# Phorm gets UK government backing



## Jason (Jan 1, 2008)

*Phorm has received it's biggest endorsement yet - a statement from the UK government declaring its controversial ad targeting technology legal.
*
The Department for Business, Enterprise and Regulatory Reform has released a statement to European Union in response to questions from regulators. The statement said that Phorm is able to operate under existing laws.

"Users will be presented with an unavoidable statement about the product and asked to exercise choice about whether to be involved," the statement read. "Users will be able to easily access information on how to change their mind at any point and are free to opt in or out of the scheme," it continued.

By partnering with ISPs (Internet Service Providers) including BT, Phorm can target ads at users signed up to the providers.

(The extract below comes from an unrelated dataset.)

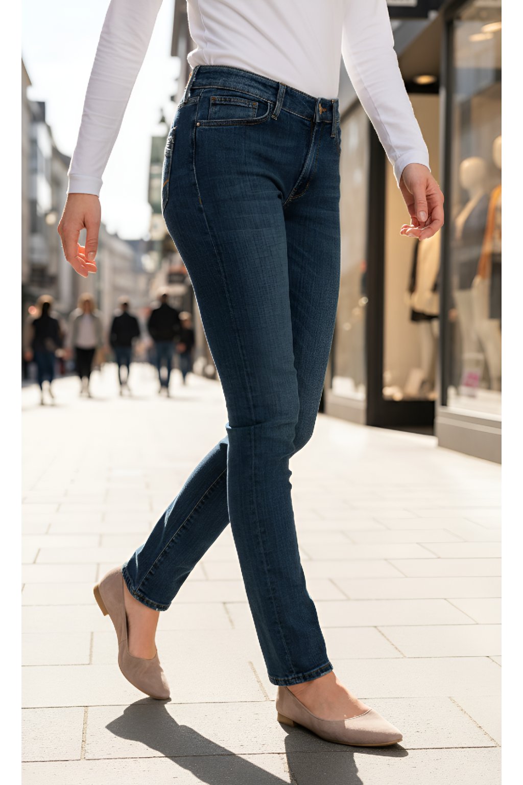 Dámské prodloužené populární modré džíny Anya s úzkými nohavicemi a vysokým sedem, které krásné obepínají postavu a lichotí jejím křivkám. Džíny jsou ušity z pružného materiálu a vydržíte v nich celý den! Džíny jsou prošité efektní hnědou nití.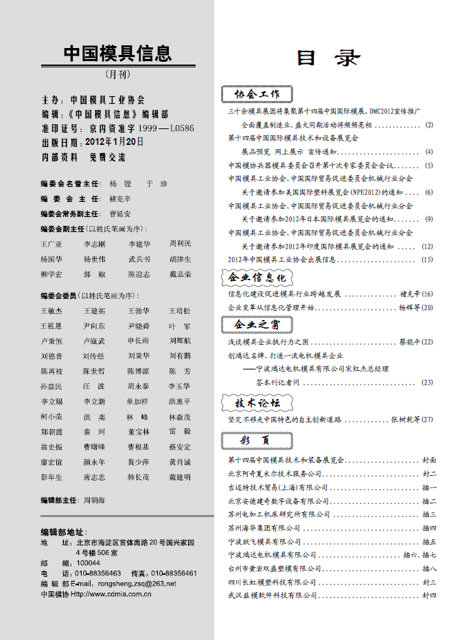 模具行業(yè)“十四五”發(fā)展綱要? ?100元/本? ? ?聯(lián)系電話(huà):010-88356463

Phorm has unleashed a PR offensive having seen media scrutiny and consumer concerns grow to the point where anti-Phorm pressure groups have been formed.

View: Brand Republic


----------



## TechGuy (Feb 12, 1999)

I guess this is a UK thing -- what does Phorm do?


----------



## Jason (Jan 1, 2008)

http://en.wikipedia.org/wiki/Phorm. Explains it better than I could. 



> Phorm is working with major US and British ISPs including British Telecom, Virgin Media, and TalkTalk on a targeted advertisement service to monitor browsing habits and serve relevant advertisements to the end user. Phorm say these deals will give them access to the surfing habits of 70% of British households with broadband.
> A diagram showing how the Phorm system creates copies of its tracking cookie in each domain the end-user visits, based on the report published by Richard Clayton.
> A diagram showing how the Phorm system creates copies of its tracking cookie in each domain the end-user visits, based on the report published by Richard Clayton.
> 
> ...


----------